Князь приостановился; я упорно молчал, глядя на красные угольки в камине.

— Прибавлю лишь одно, — продолжал Лючио тихим, почти грустным голосом; — оно, пожалуй, покажется вам смешным, — однако это неоспоримая истина! Для того, чтобы писать с чувством, — вы должны чувствовать! Когда вы писали вашу книгу, вы были в состоянии человека-ежа, до такой степени была развита ваша чувствительность. Вы были покрыты иглами, которые и отозвались на все явления приятные и неприятные, воображаемые и настоящие. Некоторые люди стремятся к таким ощущениям; другие же предпочитают не испытывать их теперь же, как человек-еж, вы не имеете больше повода для страха, негодования или самозащиты; ваши иглы притупились в приятном бездействии, и вы почти перестали чувствовать… Вот и все! Перемена взглядов, на которую вы жалуетесь, — легко объяснима. — Вы ничего не чувствуете и удивляетесь тому, что было время, когда вы чувствовали… Спокойная уверенность его тона раздражала меня.

— Неужели вы считаете меня вполне бездушным? — воскликнул я, — вы ошибаетесь, Лючио; я чувствую и очень сильно!

— Что вы чувствуете? — спросил Риманец, пристально глядя, на меня. — В нашей столице сотни несчастных, которые умирают с голоду, сотни женщин и мужчин на краю самоубийства, — что же вы чувствуете по отношению к ним? Разве их горе тревожит вас? Сознайтесь, что нет, — вы никогда не думаете о них, да и зачем бы вам думать? Одно из самых больших преимуществ богатства, — это возможность удалить от себя зрелище чужих страданий и невзгод.

Я ничего не ответил; — в первый раз я возмутился правдивостью его слов, именно потому, что они были правдивы. Увы, Лючио, если бы я знал тогда то, что я знаю теперь!

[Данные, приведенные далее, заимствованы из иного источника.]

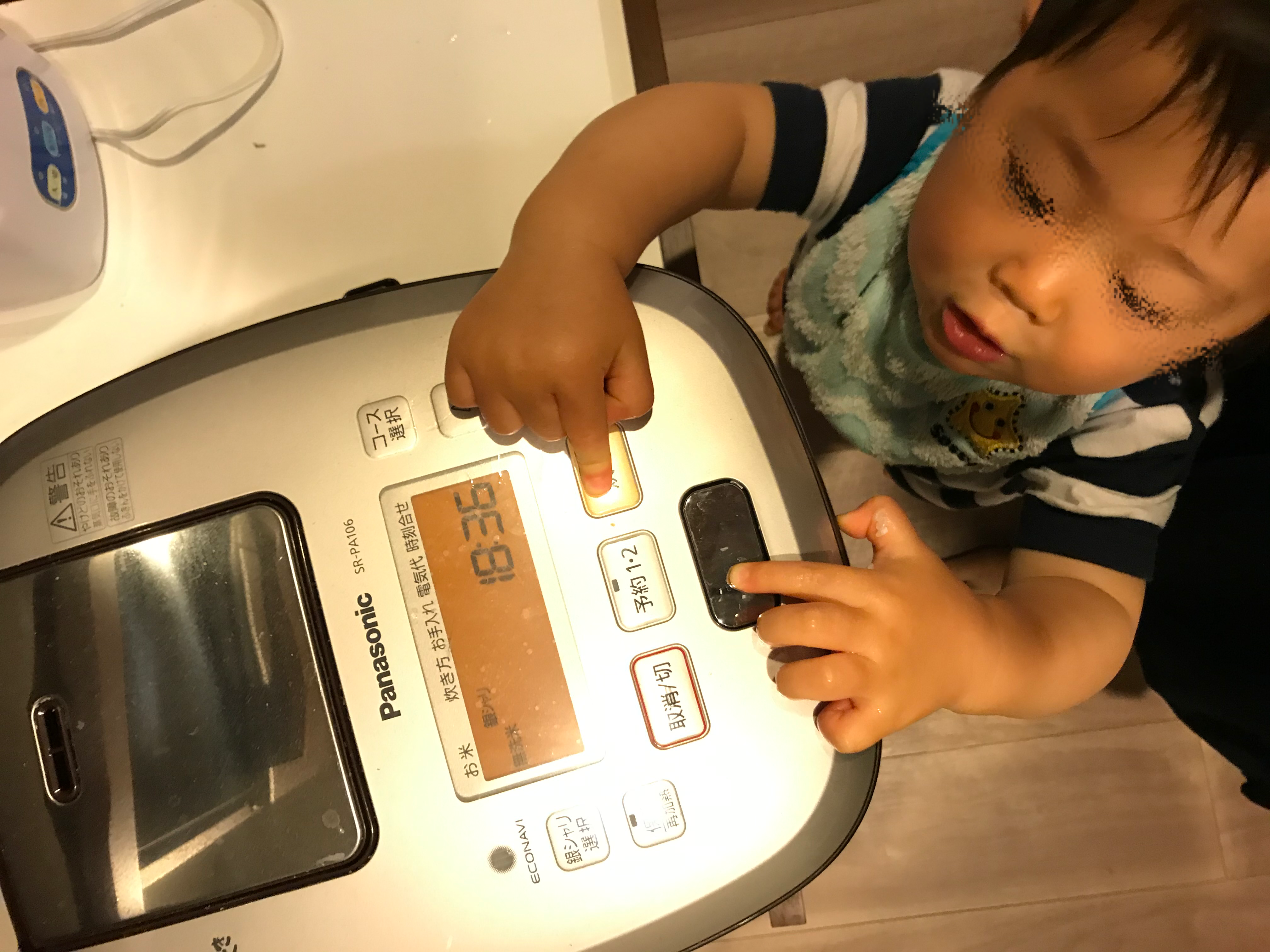 最後に炊飯器に内窯をセットしてピッとボタンを押したら終了。大人から見るととても簡単な作業ですが、1歳代のこどもにとっては大仕事。終わった時にはとても満足気な表情を見ることができるかと思います。
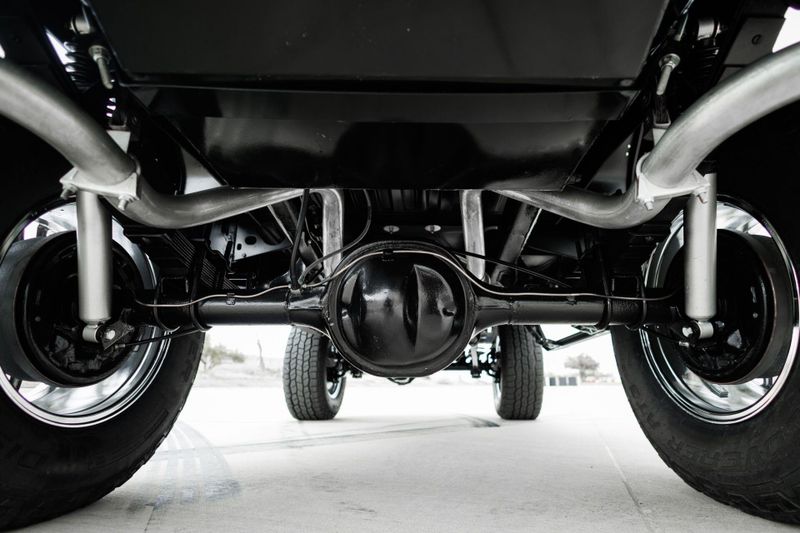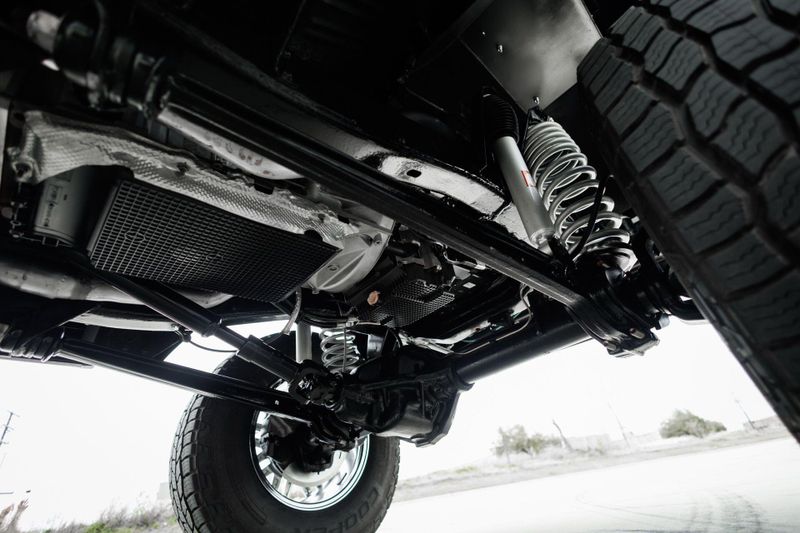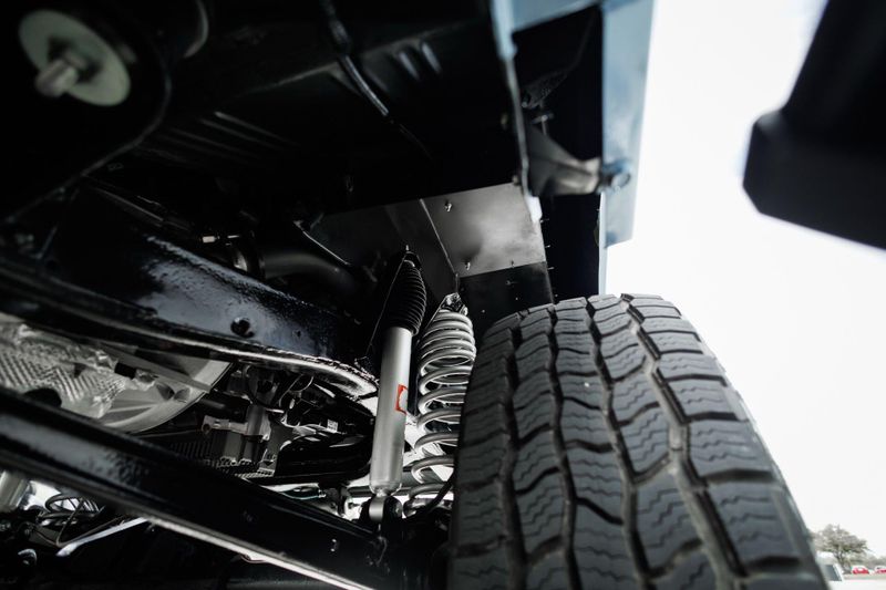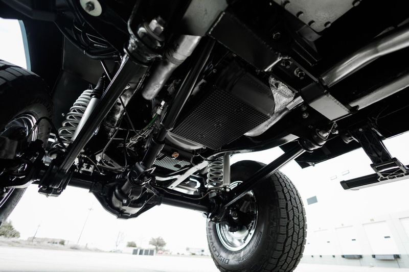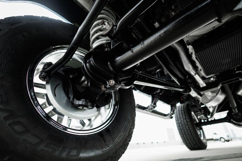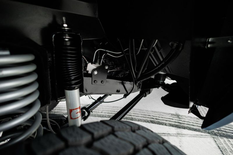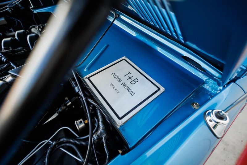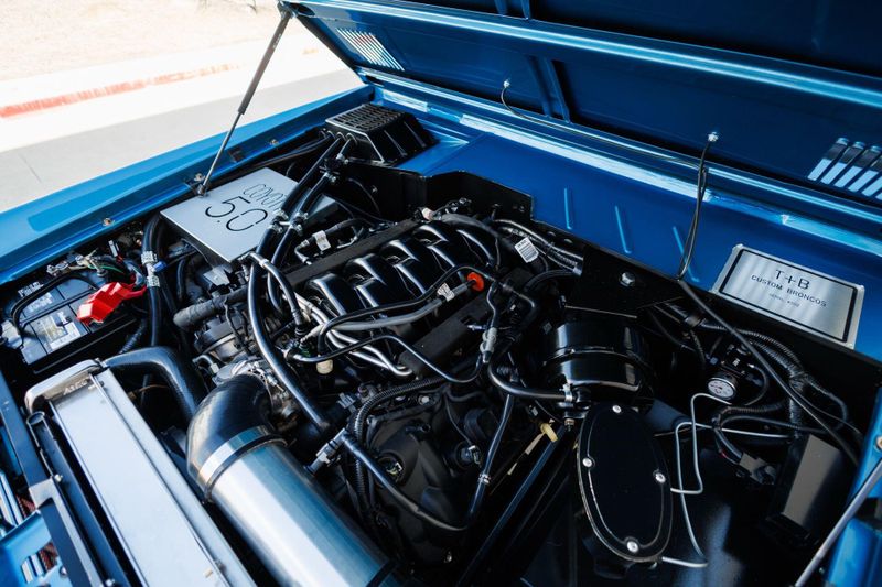 T+B Custom Bronco serial number 002 is powered by a 5.0L Gen 3 Coyote V-8 Engine with a cold air intake and ceramic-coated exhaust headers. The quad cam monster pulls fuel from a 23 gallon EFI gas tank and pushes power through a Ford 10R80 10-Speed automatic transmission and custom built driveshafts.
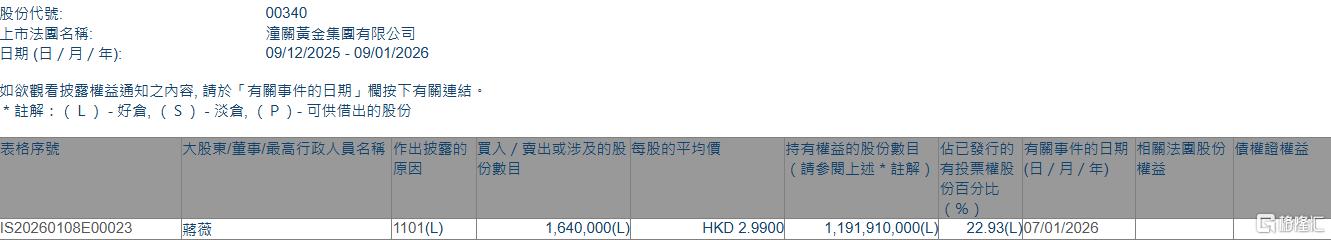 格隆汇1月9日丨根据联交所最新权益披露资料显示,2025年1月7日,潼关黄金(00340.HK)获股东蒋薇在场内以每股均价2.99港元增持164万股,涉资约490.36万港元。
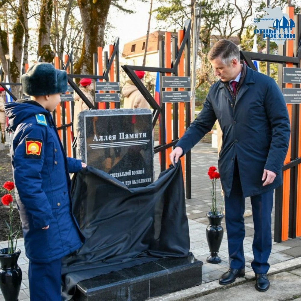 В этот же день отцы приняли участие в торжественном открытии Аллеи памяти воинов, погибших в ходе Специальной военной операции. Церемония прошла в городе Горячий ключ. Там также наградили медали «Отец солдата». Награду получили Олег Валентинович Матвеев, Протопопову Александру Анатольевичу и Позднякову Анатолию Петровичу. Имена погибших героев также увековечены на Аллее памяти в родном городе.
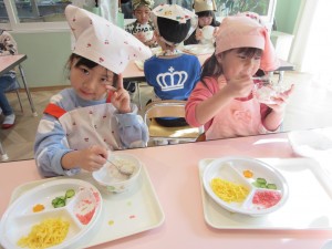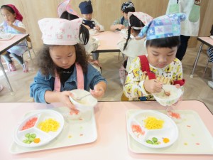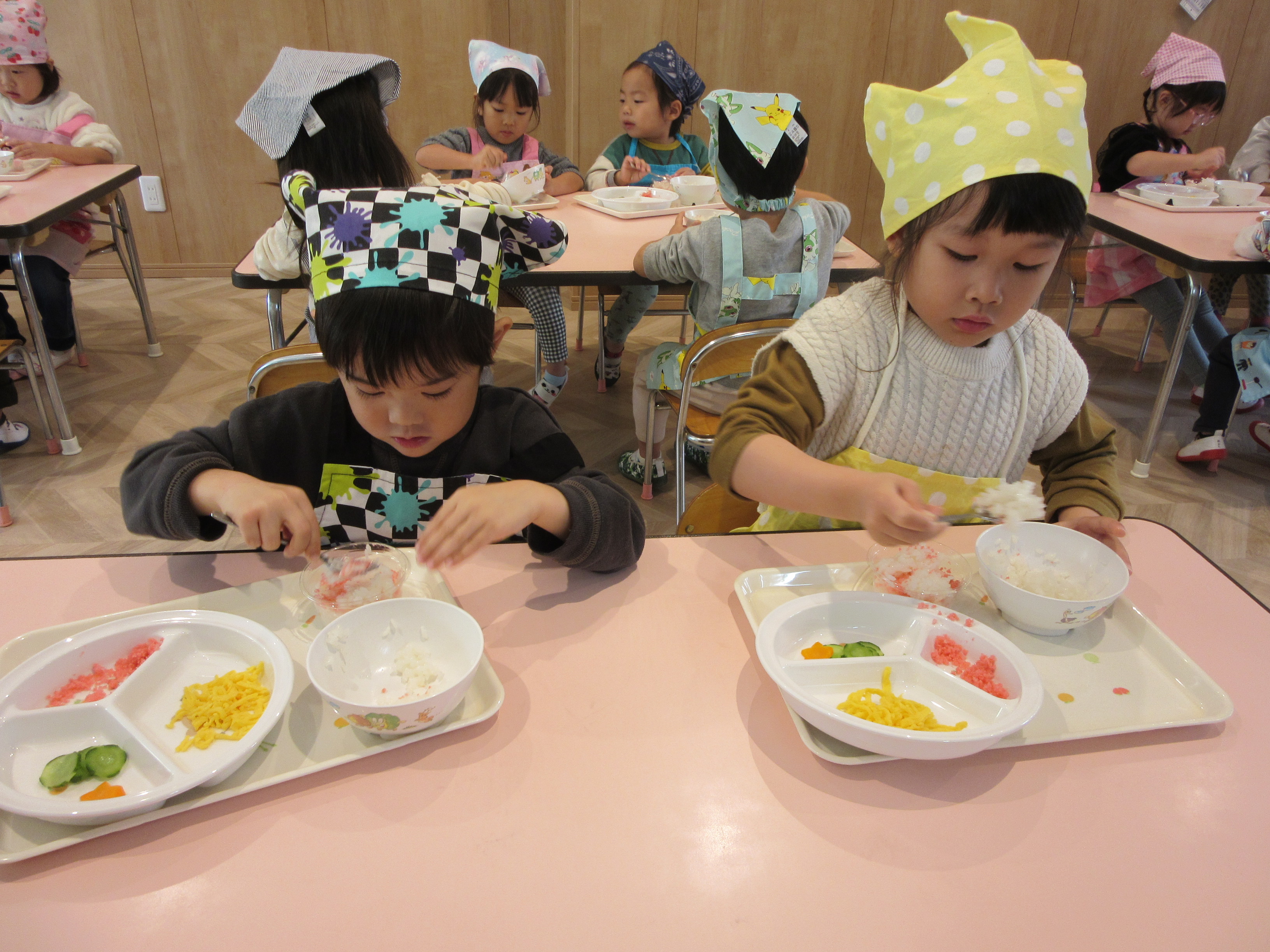 カップ寿司クッキング(11月28日実施)2024年12月27日大好きなお寿司を作りました☆ 酢飯、えびおぼろ、酢飯の順に入れて、層になるようにカップに入れていきます。 一番上には、えびおぼろ、錦糸卵、きゅうり、型抜きにんじんを自分の好きなところへ盛り付けて、一人ひとりちがった、みんなかわいいカップ寿司が完成しました♡ 自分でできたうれしい気持ちとみんなで食べる楽しい気持ちいっぱいの、食事の時間になりました!! とてもおいしかったです♬ 施設情報愛媛県新居浜市にある児童福祉施設中萩保育園あいさつのできる子 つよい体のやさしい子 話の聞ける子 自分で考えできる子児童福祉施設 中萩保育園〒792-0045愛媛県新居浜市中萩町8番1号TEL:0897-41-7233 FAX:0897-41-7209中萩保育園WEBサイト最近の記事2025年9月25日敬老の日 はがき作り児童福祉施設 中萩保育園2025年9月25日誕生会(9月5日実施)児童福祉施設 中萩保育園2025年8月25日防災集会(8月21日実施)児童福祉施設 中萩保育園2025年8月25日プール大会(8月6日実施)児童福祉施設 中萩保育園2025年8月25日誕生会(8月1日実施)児童福祉施設 中萩保育園2025年7月31日アイス屋さんごっこ(7月22日実施)児童福祉施設 中萩保育園中萩保育園の記事一覧

— Вчера, — продолжал он тем же тихим голосом, — ребенок был раздавлен как раз напротив нашей гостиницы. Это был лишь бедный ребенок, — заметьте это «лишь»… Его мать с криками выбежала из боковой улицы как раз в то время, когда увозили бесформенную массу маленькой жертвы. Она дико разводила руками и отталкивала людей, желавших увести ее. Потом с криками раненого животного несчастная упала навзничь мертвая! Это была лишь бедная женщина, — еще одно «лишь». В газете явились три строки под заглавием: — «Печальный случай». Наш швейцар был свидетелем всей сцены: он стоял на пороге и следил за происходившим со спокойным равнодушием зрителя в театре. Ни один мускул его лица не дрогнул и ничто не изменило спокойного величия его положения, — однако десять минут спустя он весь засуетился, усаживая вас, мой милый Джеффри, в вашу карету. Это набросок из современной жизни, а наряду с этим, религия говорит, что мы все равны перед Господом Богом! Но это нас нисколько не тревожит; мы давно перестали задумываться над тем, каковы мы должны быть в глазах Божьих. Я рассказал вам все это не для морали. Я просто передал вам печальный случай и убежден, что вы нисколько не жалеете ни ребенка, которого раздавили, ни матери, умершей внезапно от разрыва сердца. Пожалуйста, не говорите, что вы жалеете о них, я знаю, что это неправда.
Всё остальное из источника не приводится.